Data Analysis Assignment Sample
Introduction
A data analysis is a process used to inspect, cleanse, transform, and model data in order to find useful information, suggest conclusions, and support decisions. Multiple methods and approaches of data analysis are used in fields such as business, science, and social science, encompassing a range of techniques under different names. The Windows version of SPSS allows users to enter data, perform analyses, and create charts and tables. As well as performing all the analyses described in the text, SPSS is capable of handling large volumes of data.

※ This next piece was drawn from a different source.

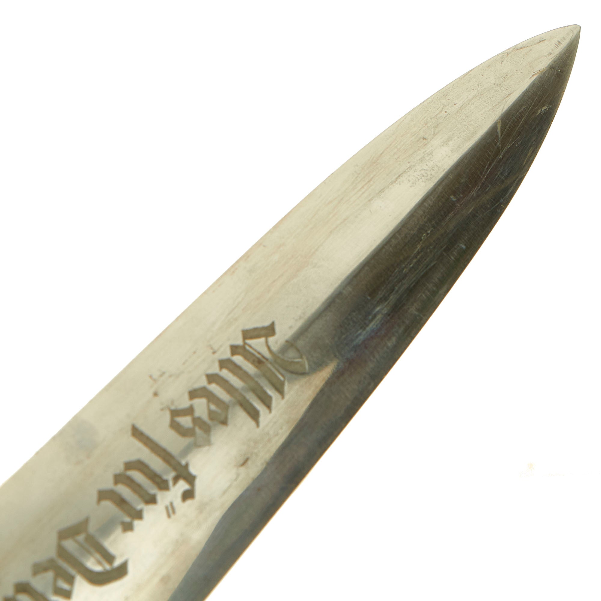 Prior to his "unmasking" as a traitor, Ernst Röhm was the leader of the SA. In 1934, he distributed approximately 100,000 SA daggers with his personal inscription on the reverse blade. These daggers were to honor individuals who had served with the SA prior to December, 1931. Other than the inscription, these pieces were identical to the standard M1933 SA dagger. After the Röhm purge, the inscription was ordered to be removed. Many examples were returned to the factory for grinding. Others were simply ground in the field by whatever means were available. Examples will occasionally be encountered with remnants of the original inscription remaining on the blade, but mostly none will remain. Some blades exist with an intact inscription, reflecting only the removal of the Röhm signature. Very very rarely is an example seen with a full, untouched inscription, as the holder would have surely risked a charge of treason.

In this project the aim was to analyse data from the Welsh Health Survey in order to help to make evidence-based health care decisions. Due to the fact that the scope of the data presented was quite large, the project, in order to keep the task manageable, will specifically focus on the data concerning the relationships between race, gender, and obesity. In this case, we only kept data for specific parameters and formatted them in a way that was appropriate. In this paper, we will be discussing the results of our data analysis. As part of the report, the details of how the data was formatted, cleaned and analyzed are also provided.
Data set validity and Integrity
We considered the following factors when evaluating this dataset:
- The institution that collected the data
- Data collection’s purpose
- Date on which the data was collected
- Methods used to collect data
- Data collected and potential relationships between measures and variables.
Selecting a Dataset
We needed a dataset containing information on participants’ chronic health conditions, weight, and demographics that could help us create correlations for this project. We designed the project to incorporate these elements. Governmental sources were used to increase reporting standards and data reliability.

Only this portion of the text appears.